Calculate limit in use of integrals: $$ \lim_{n \rightarrow \infty} \sum_{k=1}^{n} \frac{k+n}{3k^2+n^2+1} $$
Solution:
$$\sum_{k=1}^{n} \frac{k+n}{3k^2+n^2+1} = \frac{1}{n} \sum_{k=1}^{n} \frac{\frac{k}{n}+1}{3(k/n)^2+1 + n^{-2}} = \\ \frac{1}{n}\cdot \sum_{k=1}^{n} \frac{\frac{k}{n}+1}{3(k/n)^2+1 +n^{-2}} $$
I want use there approximation by Riemann integrals.
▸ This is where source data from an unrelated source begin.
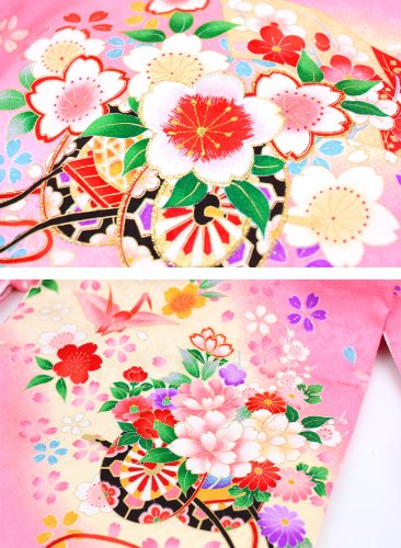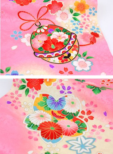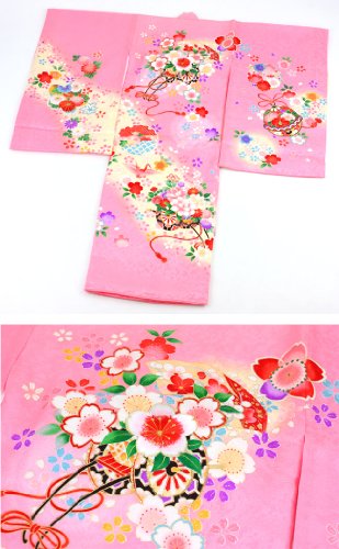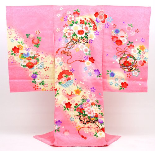 一生に一度の大切なお宮参り用のお着物です。女の子らしいピンク色にクリーム色のぼかしがはいっており、御所車や鈴に鶴などお祝いにピッタリな柄行となっております。金彩であしらわれた刺繍が豪華さをあらわしております。七五三の時にはみあげして頂いて着て頂けます。
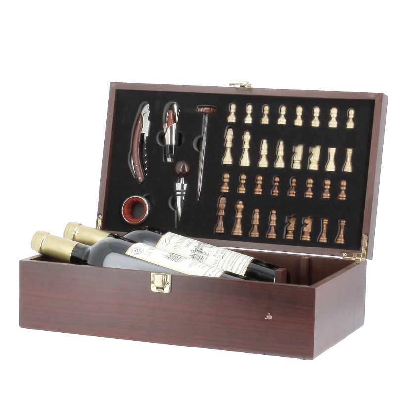 COFFRET BOIS PRESTIGE 5 ACCESSOIRES + JEU D’ECHEC (2 BOUTEILLES)
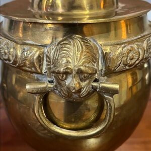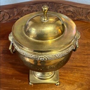 Beautiful brass urn with intricate detailing and a lid. Perfect for home decor.
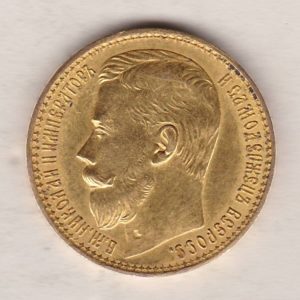 This gold 15 Roubles coin was struck in 0.900 gold and weighs approx. 12.9 grams.
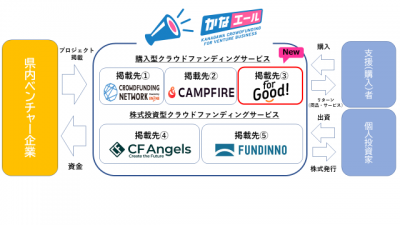 2025/09/22サンプル神奈川県県内ベンチャー企業に対するクラウドファンディング支援を拡充 県では、民間のクラウドファンディング事業者と連携し、「かながわベンチャー限定クラウドファンディング(愛称:かなエール)」により、ベンチャー企業の成長に向けた資金調達を支援...
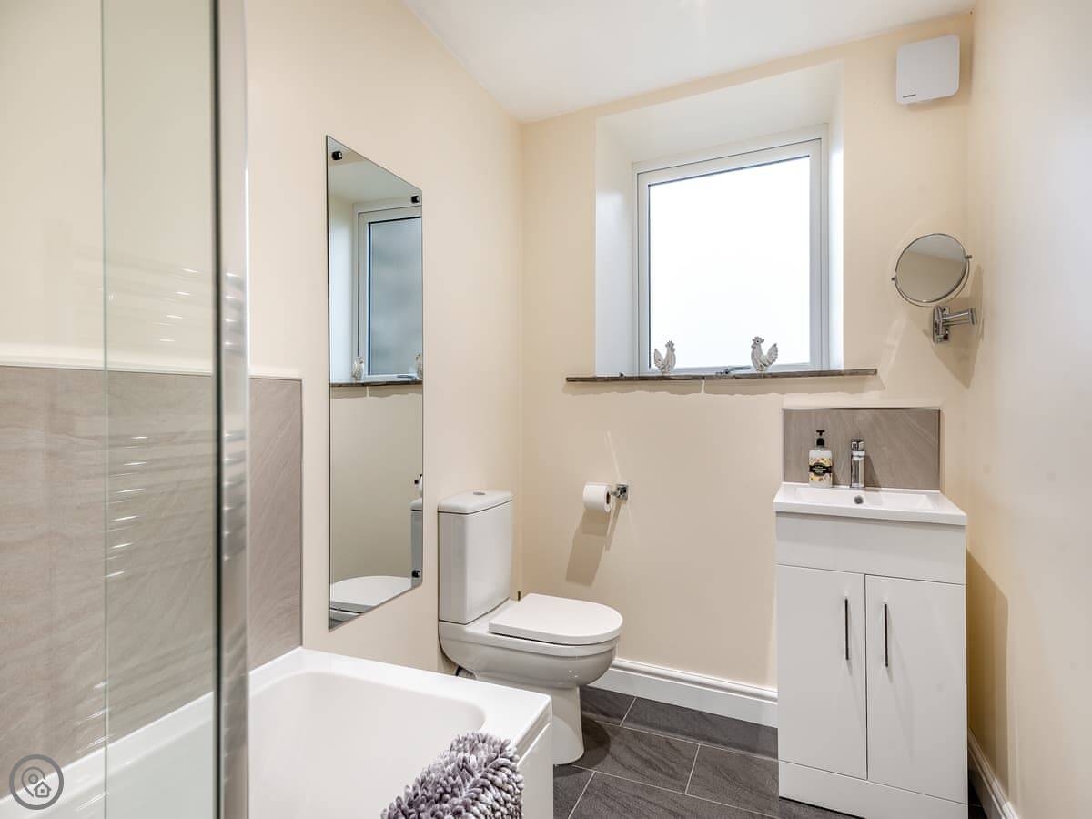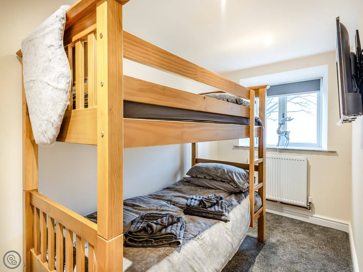 It sleeps six. There are three bedrooms and two bathrooms. It's got a 4 Star rating, which means it's been done up to a good standard. Two of the bedrooms are doubles upstairs with a shower room. The third bedroom is on the ground floor. It has an adult-sized bunk bed and there's a bathroom with a bath next to it. All the bedrooms have Smart TVs and the views from them are very good.

But I don't know how to deal with $n^{-2}$
For any $\varepsilon>0$ and all $n>1/\sqrt\varepsilon$, we have $$ \frac{k+n}{3k^2+n^2}\geq \frac{k+n}{3k^2+n^2+1}\geq \frac{k+n}{3k^2+(1+\varepsilon)n^2}. $$ So we have $$ \int_0^1\frac{x+1}{3x^2+1}\,\mathrm{d}x\geq\lim_{n\to\infty}\frac{k+n}{3k^2+n^2+1}\geq\int_0^1\frac{x+1}{3x^2+(1+\varepsilon)}\,\mathrm{d}x $$ and now take $\varepsilon\to 0$.